The Survivor Journals Omnibus [Books 1-3]
Page 50
I spent many days of the spring and summer mounting solar panels on the roofs of the house, barn, and garage. It was a laborious, dangerous process that took many hours climbing up and down tall ladders, and hauling heavy panels to the roof with rope. I took an empty section of field and built a large framework to hold more solar panels. Using magazine articles, I learned how to wire the panels together and run long sections of electrical cords to an inverter that I had to wire into the main electrical grid of the house. It took a lot of solar panels (less than I thought I would need, though), but I actually managed to get enough juice running into the house so we could use electric lights at night. A few solar panels later, and we could run a TV and DVD player. The well pump and plumbing were on my lengthy to-do list. We were edging back toward civilization!
The night we got the TV working, Ren and I curled up on the couch in the living room and watched Ghostbusters and Ladyhawke, both favorite movies of mine that Ren had never seen. Huddled under a lap blanket together, eating jelly beans, bathed in the blue-white glow from the TV screen, it was almost like being back before the Flu. It made us feel like we were just normal people again. More importantly, the solar panel kits allowed us to have simple luxuries like electric fans. The difference between sweltering to death on a still Texas summer night and being able to stick a box fan in a window to get some relief was everything, especially for a pregnant woman made miserable by the relentless heat.
That night we whispered our grand plans for the future. More solar power would get us a working hot water heater, and the electric well pump would pump clean, clear ground water into the house. No more bucket filters! No more running out of clean water. There would be a washer and dryer. There would be showers again. There would running taps. The more we dreamed, the more improvements we made, the more it seemed like it would all be possible. Maybe we were talking pie-in-the-sky, but it felt possible at that moment.
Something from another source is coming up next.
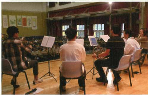
音樂科 – 管樂簡介及欣賞會

A hurricane hit the Gulf of Mexico late in the spring. Inland as far as we were, we were spared the brunt of the initial landfall, but the winds and rains were bad enough. Anytime there was rain, we tried to funnel as much of it into buckets for storage as possible. I had raided a few paint stores after we moved into the farm for just such a purpose. That was the only bright spot to it. We got a lot of clean, fresh water fast. The rain filled dozens of five-gallon buckets. The rest of the storm was terrible. It was several days of unrelenting rain and nasty winds. The wind ripped shingles and gutters from the roof and tore off three of the solar panels I’d mounted to the roof of the barn, doing damage to the underlying plywood in the process, damage that would need to be repaired. Wind-propelled debris cracked several more solar panels I’d mounted in the field near the house. All of them would have to be replaced. Winds and flooding killed a sickening number of plants in the garden, too. There was nothing to be done but replant and move forward. That was just how it was going to be. The extended growing season was also why I had moved south. There would be time to recover. If the plants could not recover, I would simply scavenge more. By this time, there were fruit and vegetable plants growing wild thanks to animals spreading seeds. It would be more difficult, but we would make it work. What other choice did we have?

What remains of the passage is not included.